--- Supplied records ---
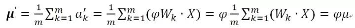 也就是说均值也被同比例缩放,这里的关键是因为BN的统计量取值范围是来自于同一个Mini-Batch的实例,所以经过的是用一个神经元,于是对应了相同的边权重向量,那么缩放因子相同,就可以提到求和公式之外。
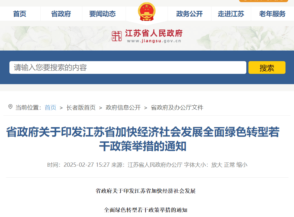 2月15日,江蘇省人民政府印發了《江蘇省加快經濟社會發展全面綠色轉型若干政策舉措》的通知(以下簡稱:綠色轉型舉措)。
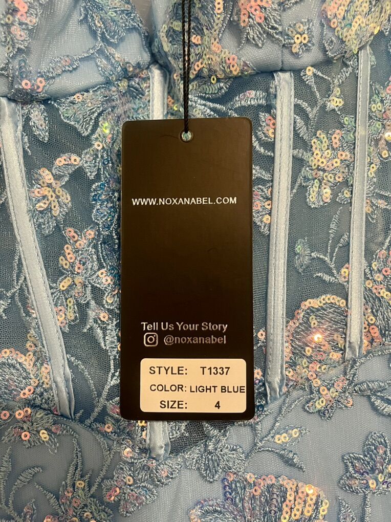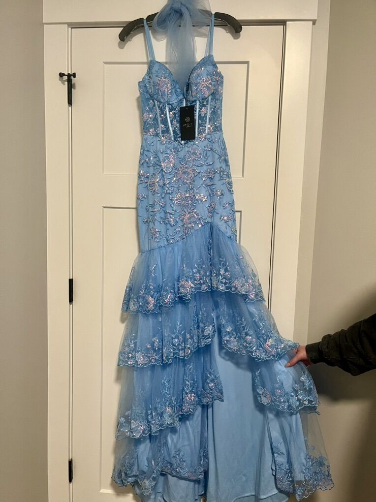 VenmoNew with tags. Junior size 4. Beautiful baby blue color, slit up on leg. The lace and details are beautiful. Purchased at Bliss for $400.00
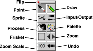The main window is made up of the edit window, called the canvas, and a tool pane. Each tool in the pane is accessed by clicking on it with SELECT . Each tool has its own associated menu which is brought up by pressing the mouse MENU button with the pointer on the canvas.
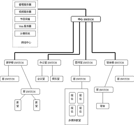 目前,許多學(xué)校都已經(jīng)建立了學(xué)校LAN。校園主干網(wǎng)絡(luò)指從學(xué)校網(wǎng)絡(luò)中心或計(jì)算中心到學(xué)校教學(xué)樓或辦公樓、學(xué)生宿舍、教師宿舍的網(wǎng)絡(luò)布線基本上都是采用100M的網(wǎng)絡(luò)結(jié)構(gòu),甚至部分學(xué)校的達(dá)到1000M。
---
--- Supplied records ---
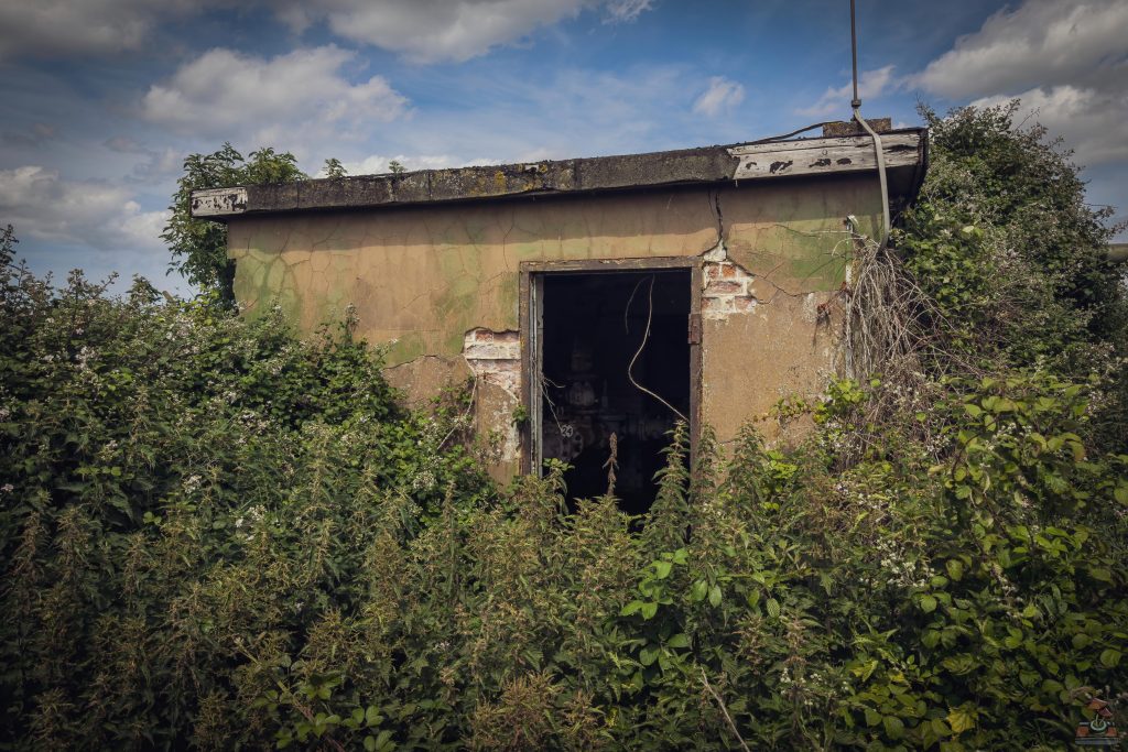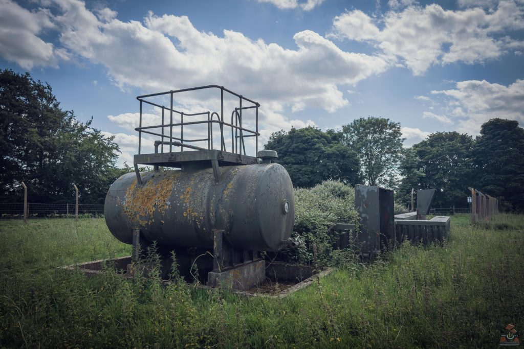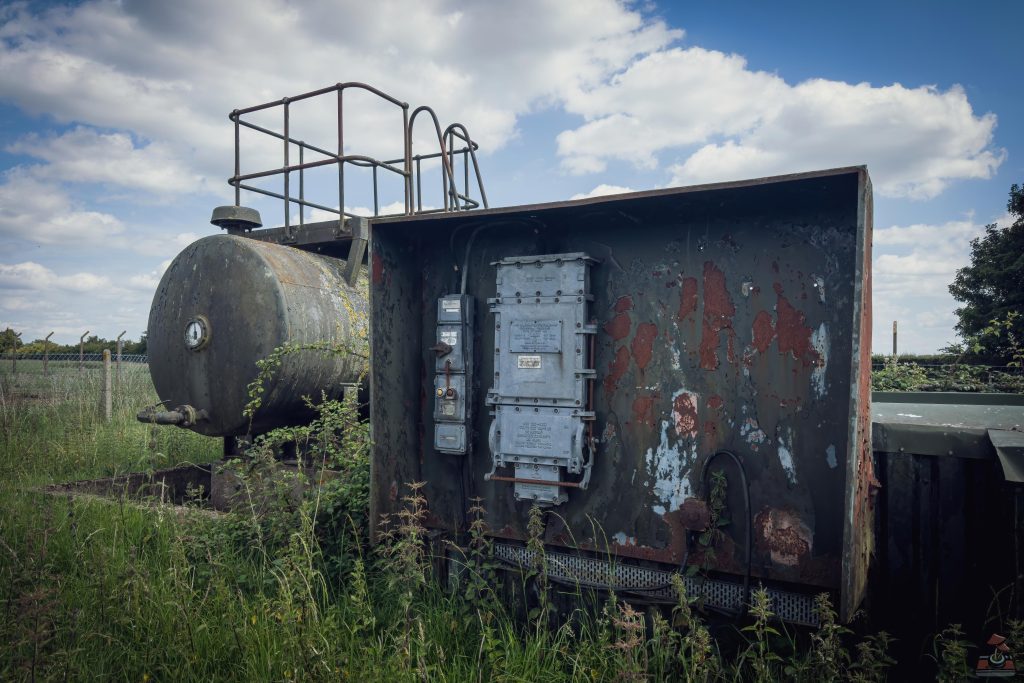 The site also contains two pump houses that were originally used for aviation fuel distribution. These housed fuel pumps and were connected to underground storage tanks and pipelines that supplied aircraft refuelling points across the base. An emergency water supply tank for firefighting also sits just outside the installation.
---
- [Exercise] Output only the lines above from the one containing "2月15日,江蘇省人民政府印" to the one containing "VenmoNew with tags.", both included, exactly as written and with no pictures.

- [Task result]
 2月15日,江蘇省人民政府印發了《江蘇省加快經濟社會發展全面綠色轉型若干政策舉措》的通知(以下簡稱:綠色轉型舉措)。
 VenmoNew with tags. Junior size 4. Beautiful baby blue color, slit up on leg. The lace and details are beautiful. Purchased at Bliss for $400.00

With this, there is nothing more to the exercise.